200 people were tested, 20 of those were infected. I want to get a posterior distribution for the uncertainty associated with the probability that a person is infected.
I do this like this:
n<-200
s<-20
p<-seq(0,0.3,0.001)
dp<-dbeta(p, s+1, n-s+1)
But then when I plot it, I don’t know how to interpret the y axis and summary results:
plot(p, dp, type="l")
> summary(dp)
Min. 1st Qu. Median Mean 3rd Qu. Max.
0.000000 0.000011 0.032438 3.322259 3.841204 18.820899
So there is a 10% chance of…..something being 18.82? Or? What does this summary tell me?

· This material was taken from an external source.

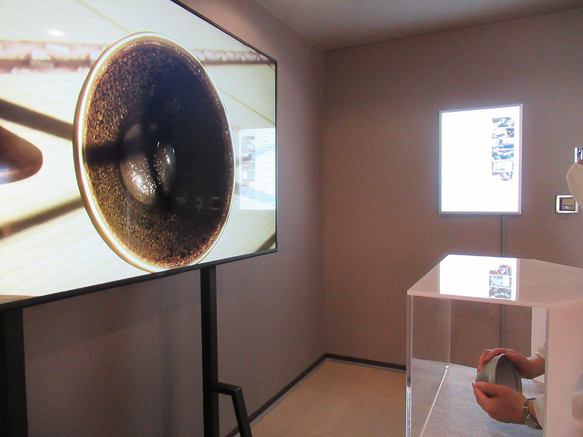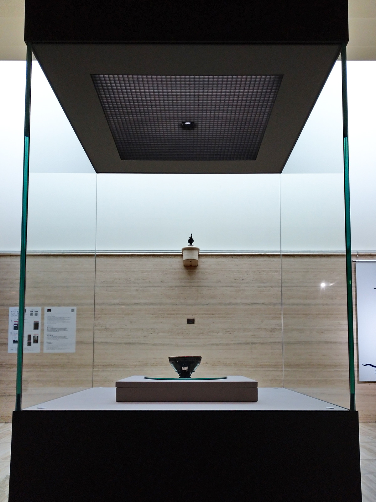 そしてこちらが国宝、油滴天目茶碗です。スポット照明や高透過ガラスを用いた専用の展示ケースが設置され、360度ぐるりと鑑賞できます。また、映像ルームではこの国宝を手に取ったように体感できるデジタルプログラムが大きな魅力として加わりました。茶碗の厚みや重さを感じながら好きな角度にして見ることができます。

Also, what is the difference between the first plot and the plot below?
plot(density(dp))
I want to get a posterior distribution for the uncertainty associated with the probability that a person is infected. + interpreting densities + differentiating kernel density estimates and theoretical densities. I think this is better placed on stats.stackexchange.com/questions
Hello, so for clarification: Your first plot shows the values obtained by ‘dbeta(p, s+1, n-s+1)’ against sequence p. So naturally the x-axis describes sequence p (i. e. the distance from 0 to 3 in 300 steps). Acordingly the y-axis shows the values of the vector dp; This is the density of the beta-distribution at values p (like imagine you have a normal distribution with mean 0 and sd 1 and you would ask for the density at 0). The second shows just the density (probability density function) of your beta-distribution; So the probability of a variable falling within a particular range of values.

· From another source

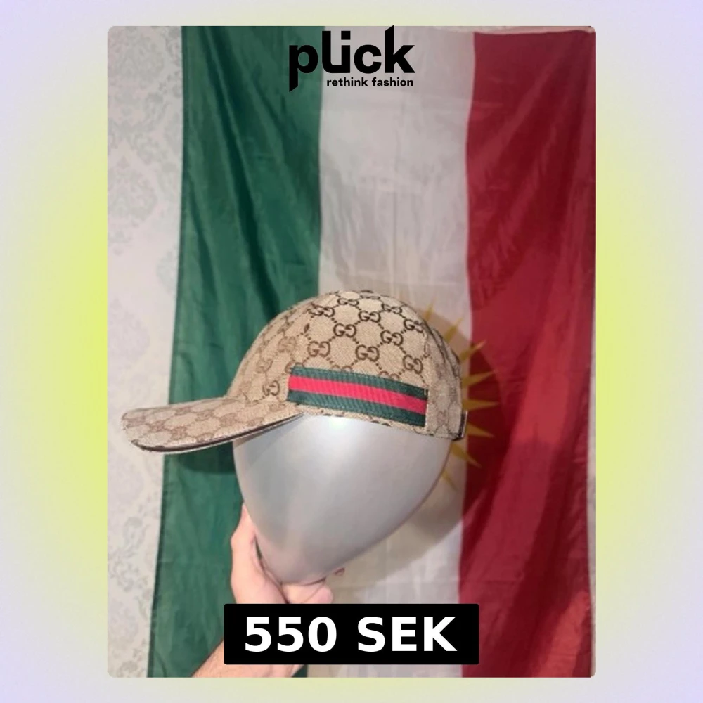 Säljer en beige keps från Gucci med det klassiska GG-monogrammet över hela kepsen. På sidan finns en grön och röd rand som signaturdetalj. Kepsen har böjd skärm och justerbar rem bak. Materialet är canvas med läderdetaljer.

This is at least vague in many places and lacks interpretation @Markus_J.
Remember that the area under a probability density curve must equal 1. Your x values are mainly in a small range, which is why you get high values of y.

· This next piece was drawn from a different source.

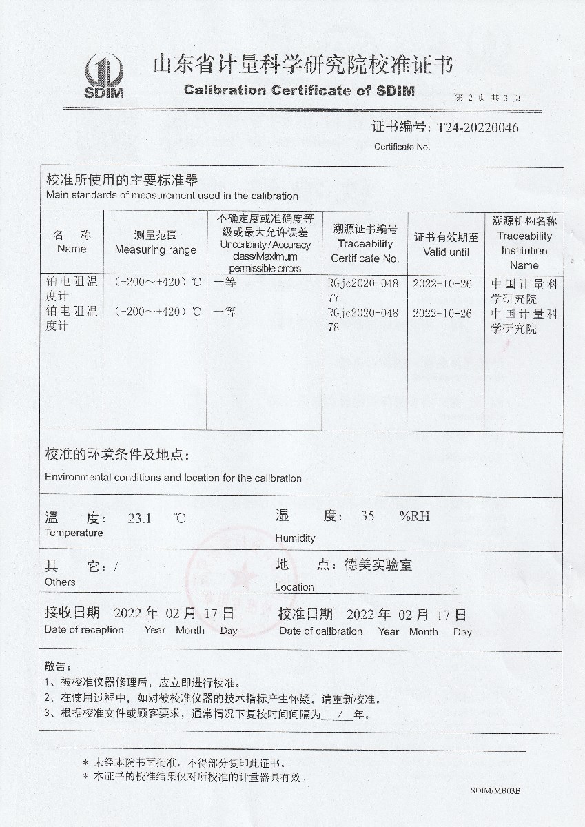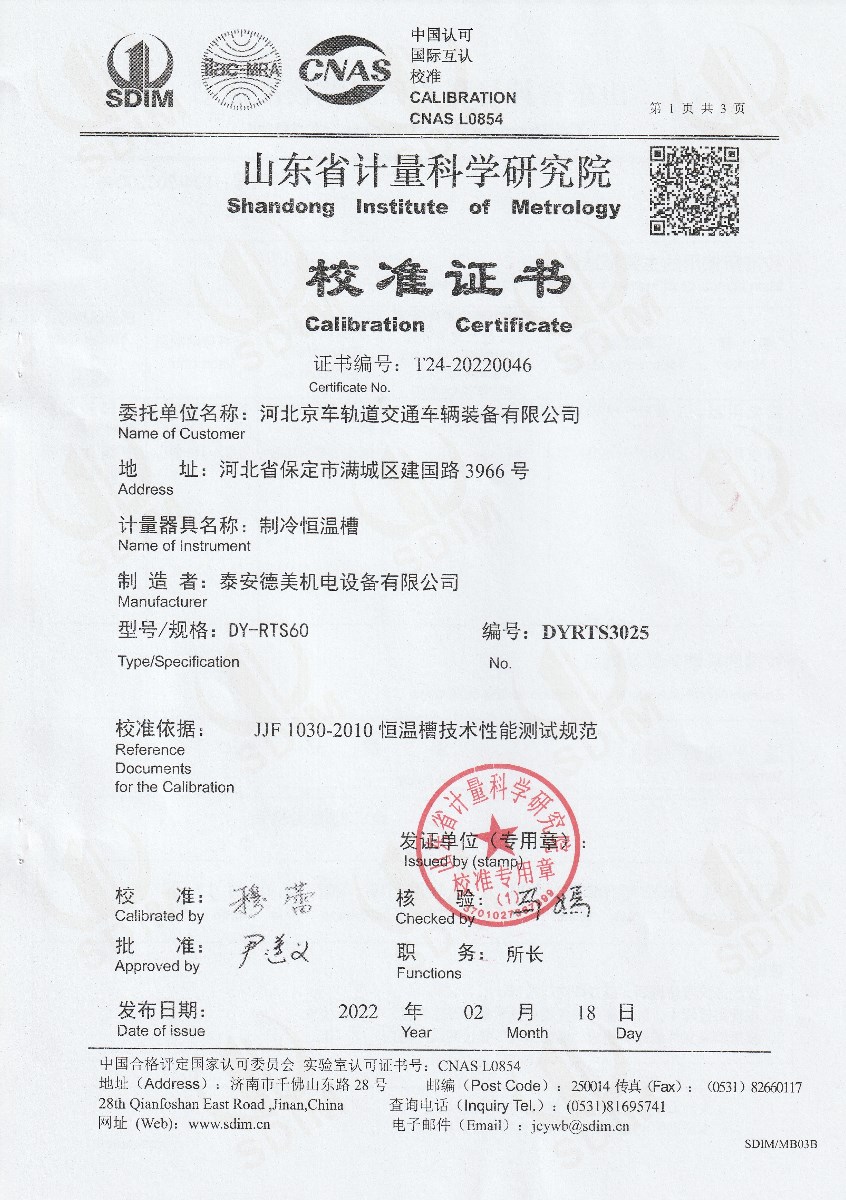 上一條:河北京車軌道交通車輛裝備有限公司-熱電偶檢定爐 | 下一條:超低溫面源黑體爐(-40-80℃)校準(zhǔn)證書 |

OP, the interpretation of the plot dp versus p is that the area under the curve over an interval (i.e., the integral of the function over the interval) is the probability, i.e. the rational degree of belief, that p falls in that interval. p must be somewhere between 0 and 1, so the integral over the interval (0, 1) must be exactly 1. One can talk about that stuff at greater length, but that’s the most concise summary.